Last week I plugged the new text-scale element, which enables Chrome to also bump up the font size if folks have increased font size settings in their OS.
So far so good. Adrian had a deeper look at how this behavior could work across all browser engines. And things are complicated. Or as he puts it, a bit Frankenstyle.
Random MDN – <search>

From the unlimited MDN knowledge archive...
I caught myself thinking "Right! There is a search element in HTML" this week. I had kind of forgotten about it (don't judge). So here's a reminder about the power of semantic HTML.
TIL recap – header/footer elements can change their assigned ARIA role

Speaking of semantic markup, if you use elements like header or footer, they get some specific ARIA roles applied. It's banner for header elements and contentinfo for footer elements.
But do you know that these elements can change their role depending on where they're placed in the DOM? There's been a rather recent change to the ARIA spec, and browsers have started to ship it!
Find more short web development learnings in my "Today I learned" section.
New scroll "stuff" in the baseline

If you ever wanted to listen to a scroll end event, now you can. With Safari 26.2, scrollend entered the baseline!
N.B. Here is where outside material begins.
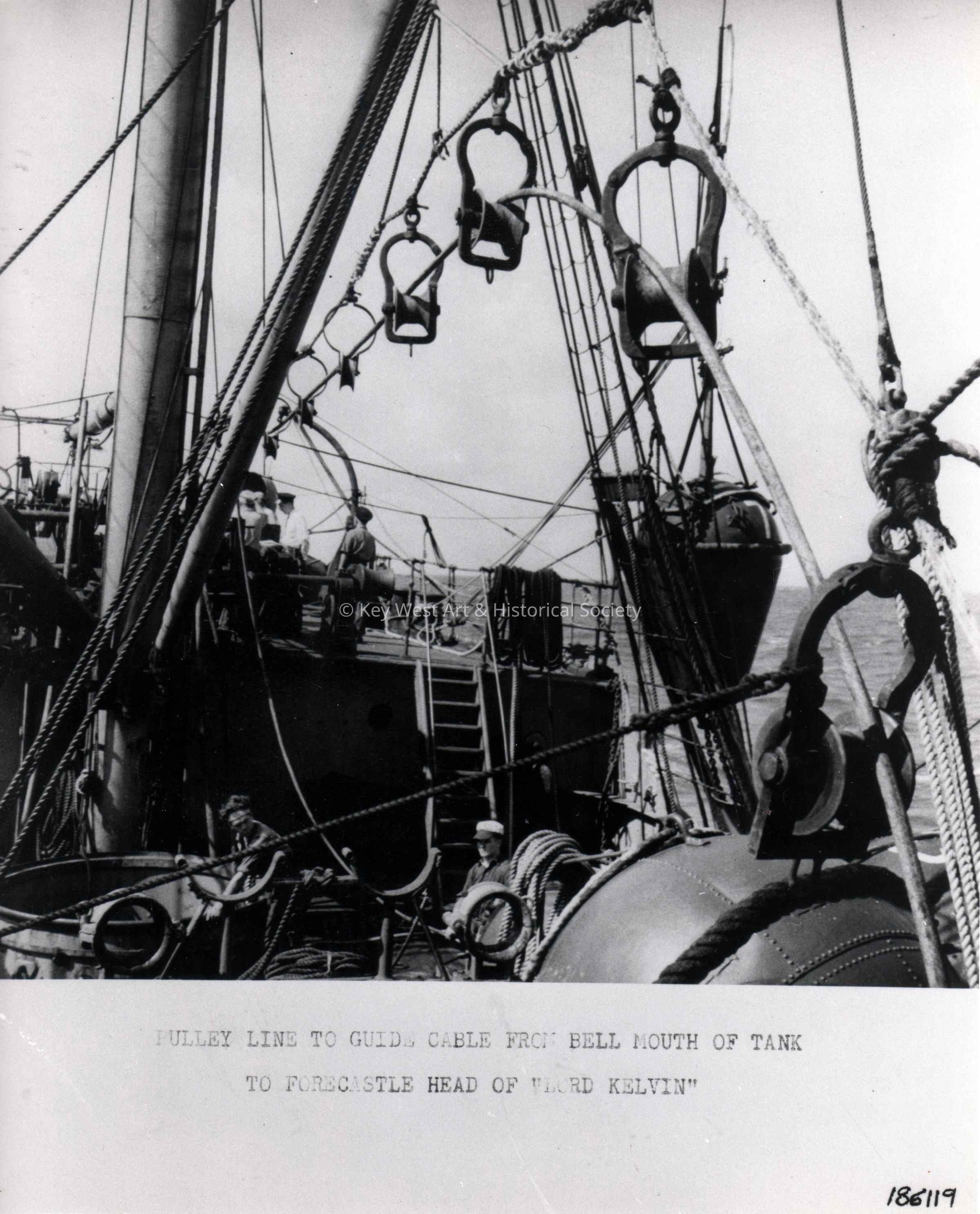 Pulley line to guide cable from bell mouth of tank to forecastle head of Key West-Havana Cableship Lord Kelvin.Collection

And if colored scrollbars are your thing, scrollbar-color works across browsers now, too!
Three valuable projects to have a look at
- williamtroup/Heat.js – A JavaScript library for generating interactive heatmaps.
- macaly/almostnode – Node.js in your browser. 👈 This is very cool!
- griddy-icons/griddy-icons – A lightweight icon library.
A new Tiny Helper

If you're slightly worried about npm and npmjs.com, you're not alone. Especially since the website doesn't seem to have received updates in ages. npmx is a modern alternative built by the community. The site looks very slick, and especially the file explorer is such an improvement!
It stands out that the project isn't much older than a month and has already gathered 178 contributors. Is this one of the rare examples showing that open source and community-led efforts work? I hope so!
Find more single-purpose online tools on tiny-helpers.dev.
Thought of the week
I keep thinking about Anil's quote, it's such a smart and wise take.
Don't let your job get in the way of your career.